As children, our parents are responsible for making sure that we eat (relatively) healthy and get the full, rounded diets that we need to grow up big and strong. Our parents make those decisions for us because we’re too young to know any better, and would likely eat nothing but cake and ice cream if we were allowed to choose for ourselves.
Now that we’re in college. the only limit on our dietary choices are what’s in our price range. Most of us even shop for our own groceries. From the time we’re on our own to the time we end up in the grave, the only thing that can truly dictate what we eat is our wallet.

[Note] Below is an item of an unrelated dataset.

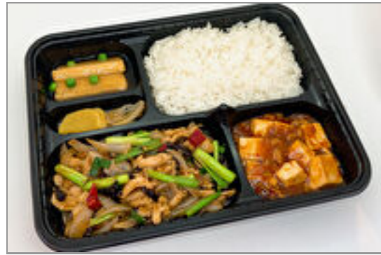
鶏肉と木耳のブラックペッパーソース弁当

Or Mayor Michael Bloomberg, if we happen to be in New York City. The city’s “soda ban” was in the news again this summer as a state appeals court handed down its unanimous decision that the ban as currently constructed was utterly unconstitutional. This month, the city asked the state Supreme Court to take up the case.
Until July’s ruling, the ban kept residents and visitors of the city from purchasing sodas larger than 16 ounces. For comparison, a regular can of soda is 12 ounces and the bottles sold in the Russell House and other places on campus are 16.9, meaning they would have been illegal under the ban.
While the soda ban itself is dead for now, the paradigm shift of government from “by the people, for the people” to “I’m the parent, and you’re the child” is still alive and well. The problem behind this idea is quite striking: The American people aren’t children, and we are perfectly capable of making decisions for ourselves.
While I admire Bloomberg’s passion and think that he genuinely believes he’s doing what’s best for the people of New York, I still hope for the sake of freedom that he continues to fail in his efforts.
The implications of a so-called “nanny state” are extremely dangerous. If people aren’t free to make the wrong choice, then they aren’t free at all.